Complex Dynamics and Effects of Memristive Load Using Current-Mode-Controlled in Buck Converter

Alain Soup Tewa Kammogne,¹Edwige Mache Kengne,¹Sundarapandian Vaidyanathan,²Hilaire Bertrand Fotsin,¹and Thomas Tatietse Tamo¹

Academic Editor: Anibal Coronel

Received31 Mar 2022

Revised13 May 2022

Accepted24 May 2022

Published13 Jul 2022

Abstract

Electronic power converters are in a state of exhibiting some complex features which can be influenced by the converter’s structure parameters and load, as well as its pulse period. In this paper, we propose to investigate these phenomena occurring in the dc/dc buck converter by carrying out the dynamics of the said system when it exhibits the fingerprints of frequency-dependent pinched hysteresis loops. The essential part of this study is consecrated to the nonlinear dynamics when the converter load is memristive. Under two kinds of switch states, the independent nonlinear models and equations are derived which provide a complete dynamics description of the system under investigation. The dynamics analysis is performed by making use of bifurcation tools, phase portraits, and two parameters Lyapunov diagrams showing that the system depicts very rich and striking behaviors such as periodic orbits, period-doubling bifurcation, quasiperiodicity, chaos, and pinched hysteresis loops of the memristive load.

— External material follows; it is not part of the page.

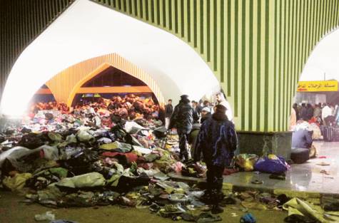 Полицейские проходят через выброшенные вещи людей, покидающих Ливию, снаружи терминала аэропорта в Триполи. Тысячи бежали из Ливии после того, как власти начали кровавое подавление сопротивления.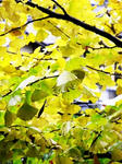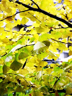 山間の美しき色合いの中で銀杏の木が、際立って黄色く色づいています。

Finally, the numerical simulation results are in almost perfect agreement with the analog result obtained with PSIM. The results obtained in this work have not yet been reported in the literature to the best of our knowledge and thus deserve dissemination.

1. Introduction

Dc/dc power converters are considered as the most vital empowering devices of electrical and electronic engineering as they act as a buffer between a power source of electronic equipment and a load [1]. These devices are used to convert an unregulated dc voltage to a regulated or variable dc output voltage by stockpiling the input energy momentarily and debit the energy to the output stage to ensure adequate current and voltage regulation. They are also known to have a significant variety of complex nonlinear behaviors such as subharmonic oscillations bifurcation phenomena that can lead to chaotic phenomena, and period-1 oscillations, due to switching actions and feedback control. We recall that the nonlinear dynamics have been experimentally observed in different types of dc/dc buck converters where there are a series of modulation strategies, such as current-mode control [2, 3], voltage-mode control [4, 5], PWM voltage-current hybrid control [6–10], hysteresis-current or -voltage control [10, 11], one-cycle control [12, 13], and model predictive control [14–16]. Unfortunately, the nonlinear switching of power converters can put their stability at risk and make them prone to exhibit various nonlinear instable phenomena. This can have harmful effects on the converter since stability and efficiency are two fundamental criteria for the design of these converters. It is therefore imperative to understand and establish the mechanism of formation of various complex phenomena occurring in the buck converters when the circuit parameters, circuits topologies, control schemes, and load change.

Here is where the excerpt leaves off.